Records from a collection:
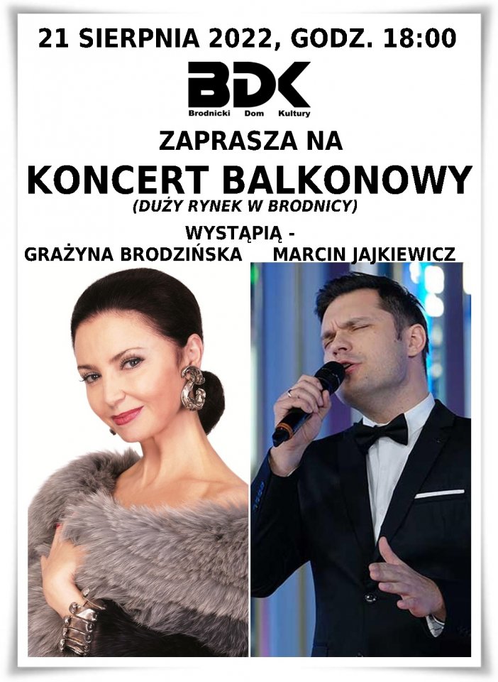 Do koncertów balkonowych nie trzeba już nikogo w Brodnicy przekonywać. Pokochaliście je Państwo miłością odwzajemnioną, bo artyści pokochali brodnicką publiczność. W tym roku, na balkonach Szkoły języków obcych Vogelschule Brodnica i państwa Badaczewskich, wystąpią: Pierwsza Dama Polskiej Sceny Muzycznej, Grażyna Brodzińska oraz Marcin Jajkiewicz.
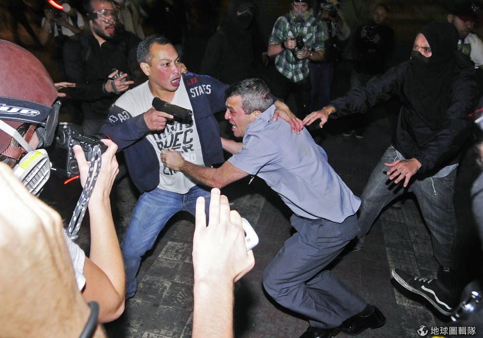 一名便衣刑警(左)正試圖從抗議團體中救出警察同夥,當地的抗議團體正在要求政府降低大眾交通系統的價格
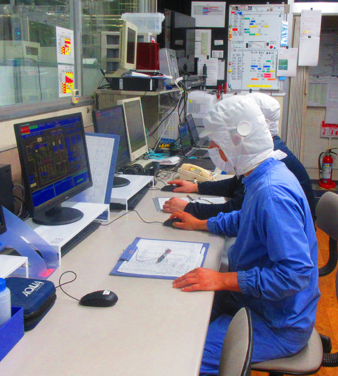 通过加热杀菌,达到完全无菌的状态。整个工序都由中央控制室的电脑进行管理,一旦发现异常现象就会立即停止运作,而且同时还有模拟监控,采用双重监控体制确保产品质量。
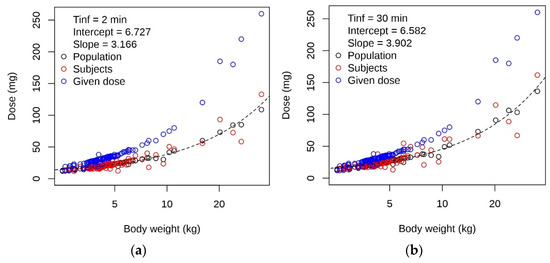 Predicted doses to reach C(30 min’) between 10 and 12 mg/L, calculated with the final model and compared to the given doses. (a) For 2 min and (b) for 30 min infusion duration. Predictions were made on the population (black symbols) and individual (red symbols) level. Blue symbols, given dose. Broken line, line with intercept (in mg) and slope (in mg/kg) from the linear regression analysis (predicted dose on individual level vs. body weight, parameters as indicated in the plots; note that bodyweight is in logarithmic scale).
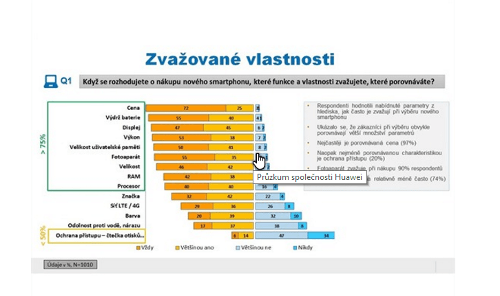 Štúdiu si nechala vypracovať spoločnosť Huawei prostredníctvom agentúry STEM/MARK tento rok v júni. Zameraná bola na český trh a zapojilo sa do nej 1 010 respondentov (52,2% mužov a 47,8% žien) starších ako 15 rokov.
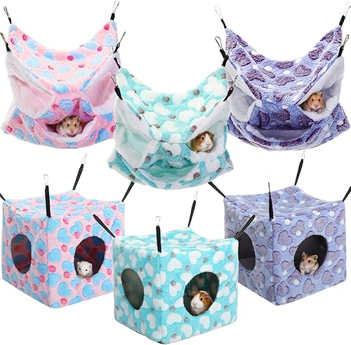 6 Pcs Ferret Cozy Cage Accessories Triple Rat Cage Hanging Hammock Guinea Pig Cube Hammock Chinchilla Bed Hideout Small Animals Toy Accessories for Sugar Glider Squirrel Hamster
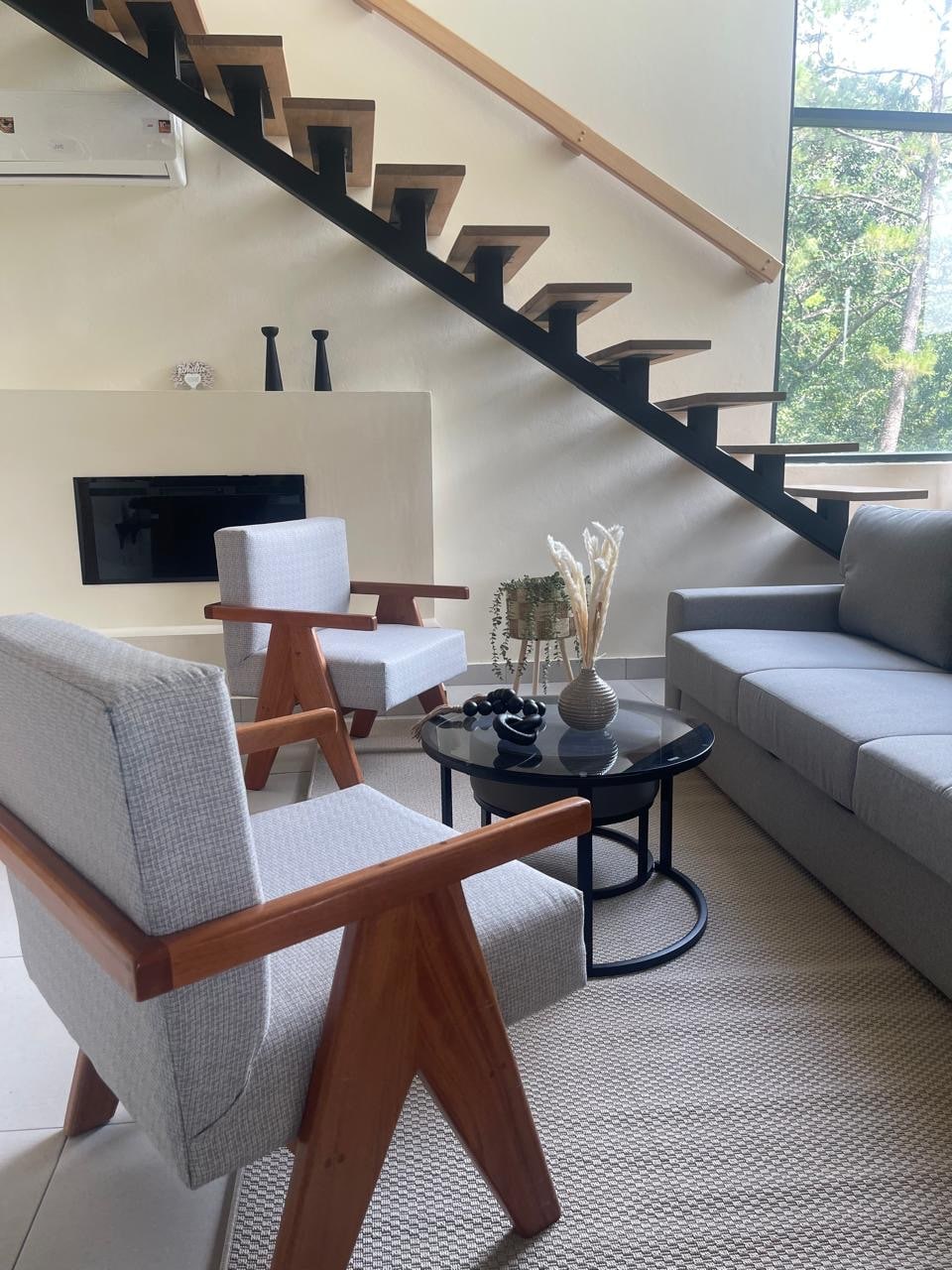 Get back in touch with nature surrounded by the lush tropical forest of Jarabacoa. This modern mountain home features soaring ceilings, natural materials throughout, contrasting textures, and access to a shared outdoor pool. The property is located a few minutes from the town of Jarabacoa and tourist attractions such as rafting, cycling trails, cliff diving, paragliding, ziplining, and other excursions. The vacation complex is conveniently located across from the most popular steakhouse in the area, and has a community pool, playground, and tennis and basketball courts. Rental of the home is for the exclusive use of guests. In case of emergency or any unforeseen issues guests will be assisted by the property manager. If requested and available, housekeeping services can be provided including meal preparation (breakfast, lunch, dinner) for an additional fee. The property is located on a holiday complex located in the area of Buena Vista, Jarabacoa. Para contacto por whattsap +1 202-476-9402. La locación del complejo vacacional es estratégica y con buen acceso, incluso hay lineas de transporte público que cruzan justo al frente de la entrada del complejo. La casa cuenta con una marquesina con capacidad para cuatro (4) vehículos. También hay un área de parqueo para visitantes con capacidad para diez (10) vehículos, a unos de 50 metros de la casa. The home has a generator in case of electrical outages.

Your task:
In the copy, every entry appears exactly as written above and no picture appears.

Answer box:
 Do koncertów balkonowych nie trzeba już nikogo w Brodnicy przekonywać. Pokochaliście je Państwo miłością odwzajemnioną, bo artyści pokochali brodnicką publiczność. W tym roku, na balkonach Szkoły języków obcych Vogelschule Brodnica i państwa Badaczewskich, wystąpią: Pierwsza Dama Polskiej Sceny Muzycznej, Grażyna Brodzińska oraz Marcin Jajkiewicz.
 一名便衣刑警(左)正試圖從抗議團體中救出警察同夥,當地的抗議團體正在要求政府降低大眾交通系統的價格
 通过加热杀菌,达到完全无菌的状态。整个工序都由中央控制室的电脑进行管理,一旦发现异常现象就会立即停止运作,而且同时还有模拟监控,采用双重监控体制确保产品质量。
 Predicted doses to reach C(30 min’) between 10 and 12 mg/L, calculated with the final model and compared to the given doses. (a) For 2 min and (b) for 30 min infusion duration. Predictions were made on the population (black symbols) and individual (red symbols) level. Blue symbols, given dose. Broken line, line with intercept (in mg) and slope (in mg/kg) from the linear regression analysis (predicted dose on individual level vs. body weight, parameters as indicated in the plots; note that bodyweight is in logarithmic scale).
 Štúdiu si nechala vypracovať spoločnosť Huawei prostredníctvom agentúry STEM/MARK tento rok v júni. Zameraná bola na český trh a zapojilo sa do nej 1 010 respondentov (52,2% mužov a 47,8% žien) starších ako 15 rokov.
 6 Pcs Ferret Cozy Cage Accessories Triple Rat Cage Hanging Hammock Guinea Pig Cube Hammock Chinchilla Bed Hideout Small Animals Toy Accessories for Sugar Glider Squirrel Hamster
 Get back in touch with nature surrounded by the lush tropical forest of Jarabacoa. This modern mountain home features soaring ceilings, natural materials throughout, contrasting textures, and access to a shared outdoor pool. The property is located a few minutes from the town of Jarabacoa and tourist attractions such as rafting, cycling trails, cliff diving, paragliding, ziplining, and other excursions. The vacation complex is conveniently located across from the most popular steakhouse in the area, and has a community pool, playground, and tennis and basketball courts. Rental of the home is for the exclusive use of guests. In case of emergency or any unforeseen issues guests will be assisted by the property manager. If requested and available, housekeeping services can be provided including meal preparation (breakfast, lunch, dinner) for an additional fee. The property is located on a holiday complex located in the area of Buena Vista, Jarabacoa. Para contacto por whattsap +1 202-476-9402. La locación del complejo vacacional es estratégica y con buen acceso, incluso hay lineas de transporte público que cruzan justo al frente de la entrada del complejo. La casa cuenta con una marquesina con capacidad para cuatro (4) vehículos. También hay un área de parqueo para visitantes con capacidad para diez (10) vehículos, a unos de 50 metros de la casa. The home has a generator in case of electrical outages.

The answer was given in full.